I’m delighted to have given a talk on the Crystallisation Day Symposium at the University of Leeds this week. I have presented my work as a Post-Doctoral Research Associate at King’s College London on the continuous synthesis and precipitation of amorphous paracetamol.

During my talk, I’ve explained the advantages of continuous flow reactors for chemical reactions, especially in terms of product uniformity due to excellent mass and heat transfer, and depicted the method I’m using to obtain amorphous paracetamol from 4-aminophenol and acetic anhydride.

Having undertaken a PhD at the University of Leeds for the past 4.5 years, and currently waiting for my viva to be held next month face-to-face there, it felt like a wink of destiny to have my first conference as a post-doctoral researcher at that same University. Being back there felt like home, a feeling printed with nostalgy for my younger self, and I got thoughtful walking through those corridors as I was realising the number of times – thousands of times – I had been through them in my 5.5 years in Leeds. It was nice to see my former fellow colleagues of the School of Chemical and Process Engineering, and it was lovely receiving their encouragements for my coming PhD viva in June.

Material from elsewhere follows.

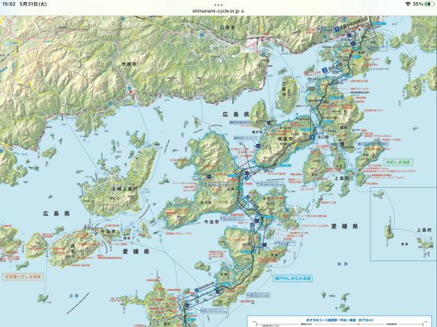 ガイドマップに載っているしまなみ街道しまなみの島々向島、因島、生口島、大三島、伯方島、大島本州広島側から四国愛媛県側に渡れる全長約70Kmのサイクリングコース5つの橋を渡り6つの島を巡ります。

I’d like to thank the organisers of this event for their professionalism and making sure that we had a pleasant venue at the University of Leeds. I am thankful to the presenters how have given world class talks involving climate change, giant crystals, and many other topics showing that crystallisation is a key phenomenon on Earth. I’m grateful to the EPSRC Redistributed Manufacturing in Healthcare Network (RiHN) for sponsoring my research and to Prof. Makatsoris and Prof. Frampton for their thoughful supervision.